TASK DETAILS:
An exact transcription is needed of the lines below from the one with "Current Bid: $80.20" through the one with "皇室玫瑰护手霜植物香氛精油保", with no other lines and no pictures.

DATASET:
######

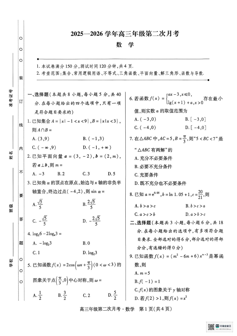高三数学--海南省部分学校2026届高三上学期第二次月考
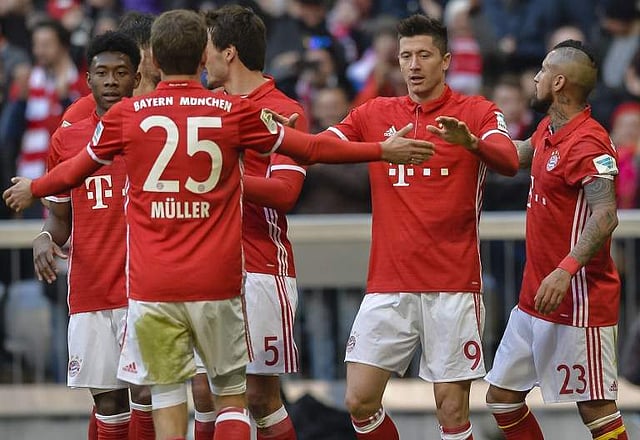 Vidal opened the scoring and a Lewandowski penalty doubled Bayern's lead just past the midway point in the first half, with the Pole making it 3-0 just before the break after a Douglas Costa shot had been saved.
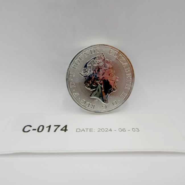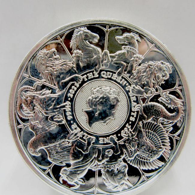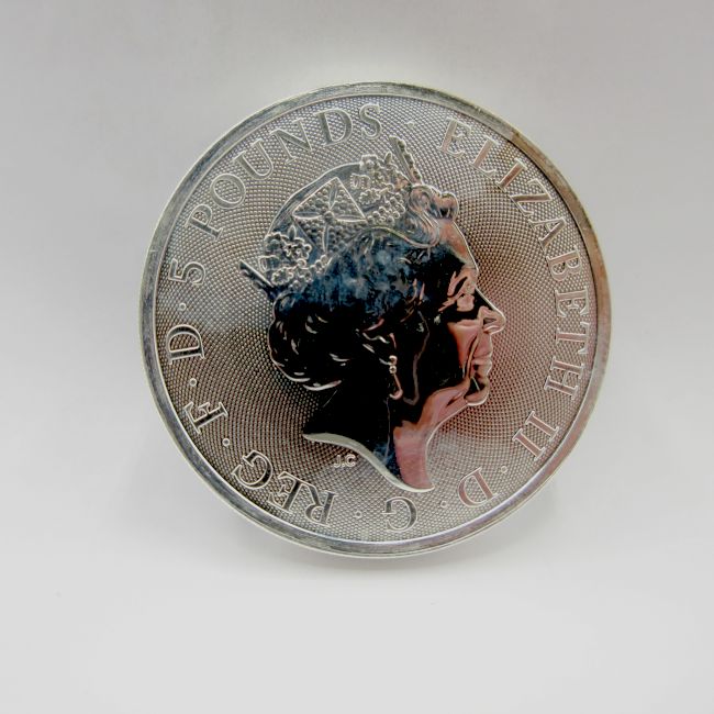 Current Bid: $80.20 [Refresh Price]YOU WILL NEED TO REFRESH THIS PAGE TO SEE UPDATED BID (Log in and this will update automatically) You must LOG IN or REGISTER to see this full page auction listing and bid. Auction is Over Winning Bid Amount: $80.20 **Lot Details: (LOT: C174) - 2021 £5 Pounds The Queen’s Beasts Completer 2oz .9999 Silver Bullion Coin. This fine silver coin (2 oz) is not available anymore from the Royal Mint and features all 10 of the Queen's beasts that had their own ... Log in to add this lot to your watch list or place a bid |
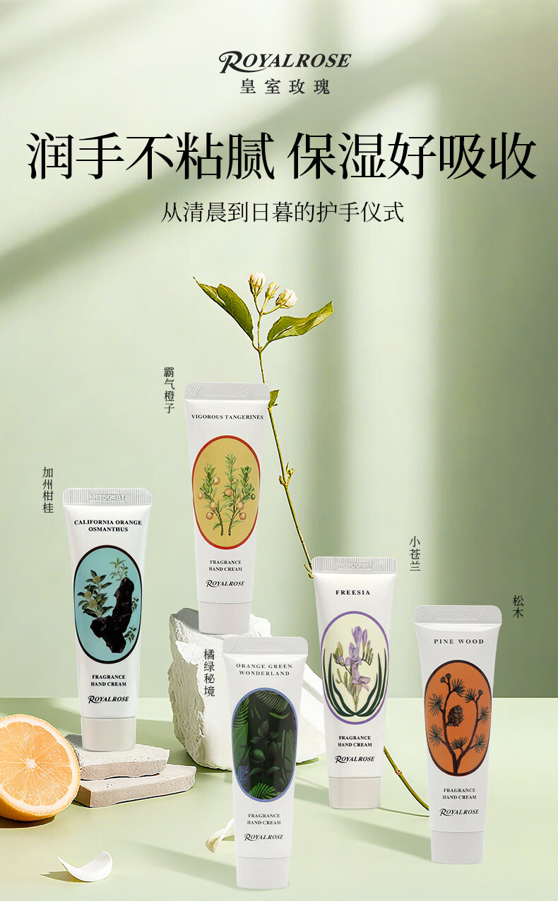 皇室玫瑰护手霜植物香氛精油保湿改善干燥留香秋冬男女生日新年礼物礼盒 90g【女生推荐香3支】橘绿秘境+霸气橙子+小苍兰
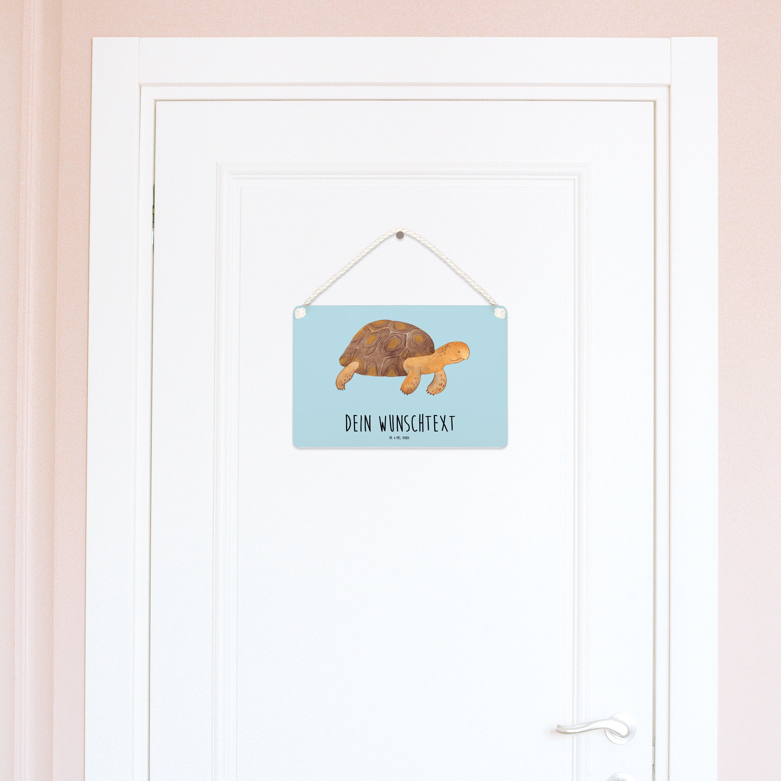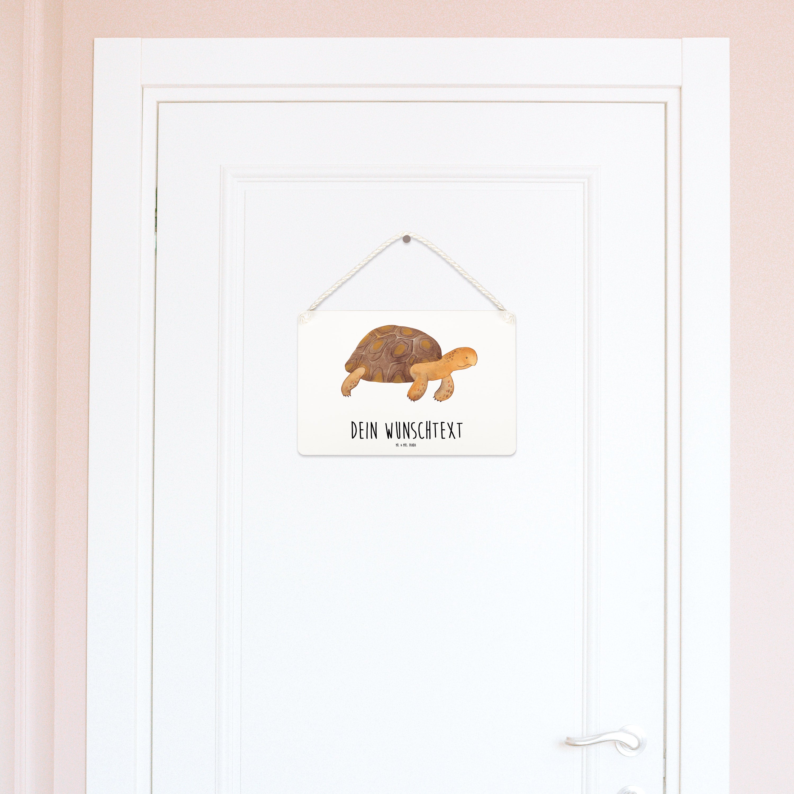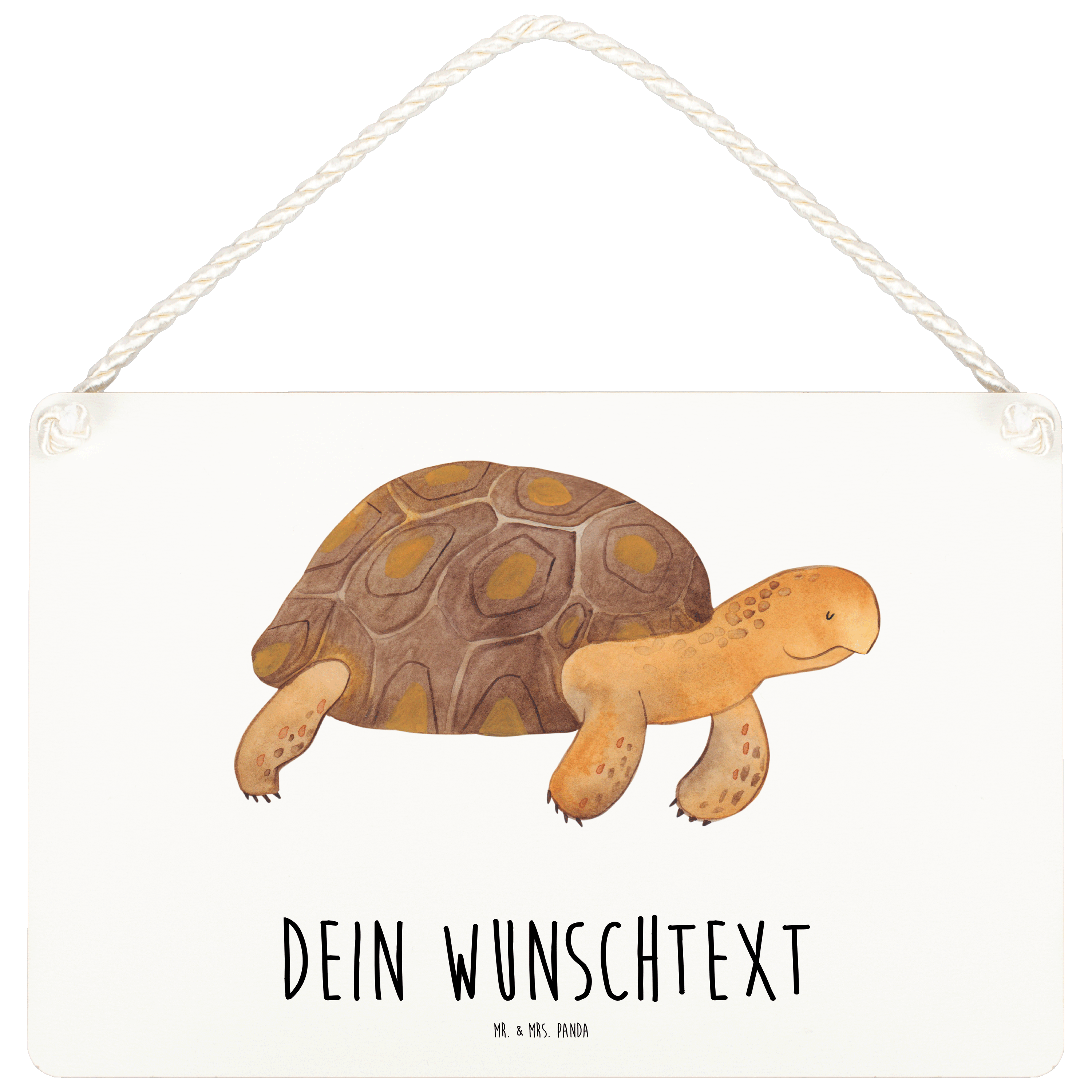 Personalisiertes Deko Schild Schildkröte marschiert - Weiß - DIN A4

######

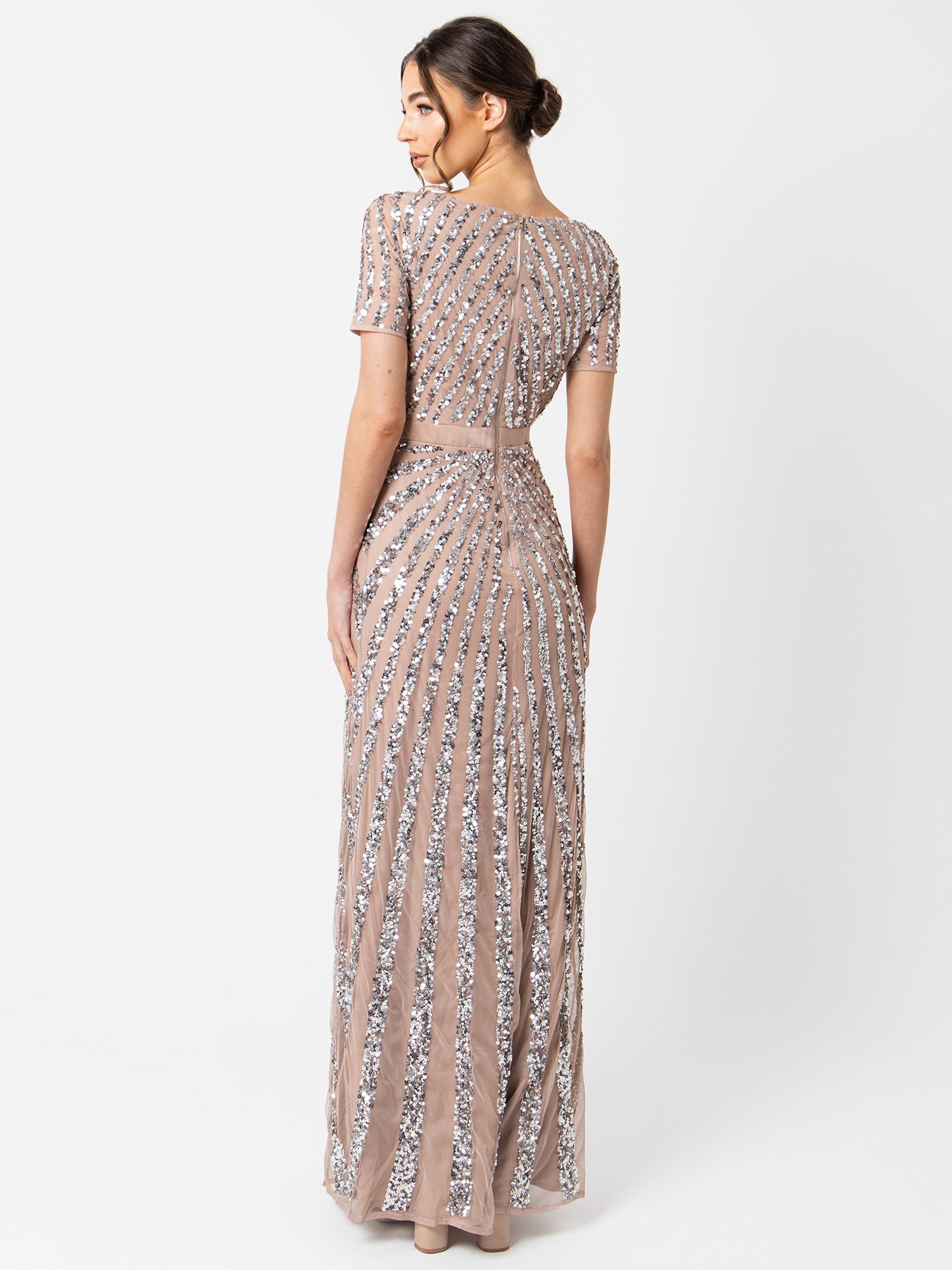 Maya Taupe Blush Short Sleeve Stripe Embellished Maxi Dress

######

COMPLETED EXERCISE:
 Current Bid: $80.20 [Refresh Price]YOU WILL NEED TO REFRESH THIS PAGE TO SEE UPDATED BID (Log in and this will update automatically) You must LOG IN or REGISTER to see this full page auction listing and bid. Auction is Over Winning Bid Amount: $80.20 **Lot Details: (LOT: C174) - 2021 £5 Pounds The Queen’s Beasts Completer 2oz .9999 Silver Bullion Coin. This fine silver coin (2 oz) is not available anymore from the Royal Mint and features all 10 of the Queen's beasts that had their own ... Log in to add this lot to your watch list or place a bid |
 皇室玫瑰护手霜植物香氛精油保湿改善干燥留香秋冬男女生日新年礼物礼盒 90g【女生推荐香3支】橘绿秘境+霸气橙子+小苍兰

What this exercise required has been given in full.